We got Hayleigh on Thursday, so we've had her about 2 and a half days now. Tonight, Saturday night, is her third night here. Stan worded it really well when he was on the phone with a friend tonight. He said something to the effect of: "It is a privilege and a challenge. It's like a complete emptying of myself. I'm learning the real meaning of love." In the last few days we have done our best to: play hard; hug a lot; give lots of affirmation for good choices; provide consistent, predictable boundaries; and to love with wide open hearts. We have introduced her, in bits and pieces, to God, to Jesus, told her over and over about His love for her. Tonight at bedtime we read the story of the prodigal son and talked about how God loves us all the time, even when we make wrong choices, how He waits for us tell Him we're sorry and He's so happy when we ask Him to forgive us.....we had a really good conversation about God and His rules and how He asks us to follow them because He loves us and wants to keep us safe....and how the rules Stan and I make for her are because we love her and want her to be safe. We've definitely had some obedience issues in the last few days, but this afternoon we made it for probably 4 hours without any major disobedience. Progress!!! Praise God. I think that, slowly but surely, she is becoming more secure here, feeling more safe, more loved and cared for. Consistent (but compassionate) boundaries breed security, and we're already starting to see that paying off a little bit. I believe things will continue to get better.
For those of you who pray for us, here are a few specific prayer requests:
-We are asking God for wisdom and discernment as we parent Hayleigh. We want to see through her actions into what's really going on in her heart.
-Pray that Jesus will be the healer of her heart, even now while her feelings of grief and loss are so intense.
-Pray she'll encounter God's love for her in ways that she can understand, and that she'll understand her need for Jesus to be her Savior and her Lord.
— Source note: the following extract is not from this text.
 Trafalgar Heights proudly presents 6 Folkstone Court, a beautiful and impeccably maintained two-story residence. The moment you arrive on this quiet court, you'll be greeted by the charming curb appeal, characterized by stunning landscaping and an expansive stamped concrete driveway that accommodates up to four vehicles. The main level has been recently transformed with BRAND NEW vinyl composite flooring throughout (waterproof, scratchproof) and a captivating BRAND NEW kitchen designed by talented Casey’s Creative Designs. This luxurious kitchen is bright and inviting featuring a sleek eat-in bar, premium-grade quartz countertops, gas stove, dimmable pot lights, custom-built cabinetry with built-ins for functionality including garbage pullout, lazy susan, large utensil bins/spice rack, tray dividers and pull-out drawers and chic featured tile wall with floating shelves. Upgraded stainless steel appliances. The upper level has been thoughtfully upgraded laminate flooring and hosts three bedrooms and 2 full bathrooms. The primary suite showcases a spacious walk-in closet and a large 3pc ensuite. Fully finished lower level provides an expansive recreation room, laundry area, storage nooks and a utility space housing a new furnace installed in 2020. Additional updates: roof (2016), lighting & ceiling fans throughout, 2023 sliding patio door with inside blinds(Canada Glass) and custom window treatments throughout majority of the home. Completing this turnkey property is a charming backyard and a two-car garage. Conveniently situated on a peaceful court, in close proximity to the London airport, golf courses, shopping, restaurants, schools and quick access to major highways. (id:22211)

-The current situations of her various family members (birth mom, father, grandparents, etc) are all very messy, to put it mildly. Pray for supernaturally quick resolution to her case so that she can have permanancy QUICKLY, wherever that may be.
-Here's an interesting delima we're facing: Hayleigh adores Stan (and has a blast with him!) from the moment she wakes up, until it's time to get ready for bed. At that point, she suddenly doesn't want to be around him, doesn't want him to be in her room while we read stories and pray, will hide her head in the pillows and refuse to talk to us if he comes into the room. :( It's very sad. I've asked her why she doesn't want him in her room and can't get a clear answer from her. Tonight she said she didn't know. I have a few guesses as to why but nothing for certain. We really need wisdom on this one because it's important that she learn to really trust BOTH of us, not just me. Please ask God to give us insight into what is behind this.
Okay, that's it for now. Thanks so much to all of you who are praying - we need it now more than ever. Love y'all!


3 comments:
It seems like the Lord is giving you both a lot of grace to parent her and I really think you both will do wonderful with her! I really will be praying for her, her heart and for you guys! How is the bug doing with all this change? I bet it's a little to early to tell at the moment. Love you lots!
Hey guys! Sounds like you're having a good time. A wise friend of mine once said, "I never said it would be easy. I said it would be worth it." He stole it, but it's still true. We'll keep you in our thoughts and prayers. When you're ready, let's all go play.
Ray and Tamra
Wow! Just read up on you guys - big changes!! We wil be praying for you guys and little Hayleigh. How is being a mom of two?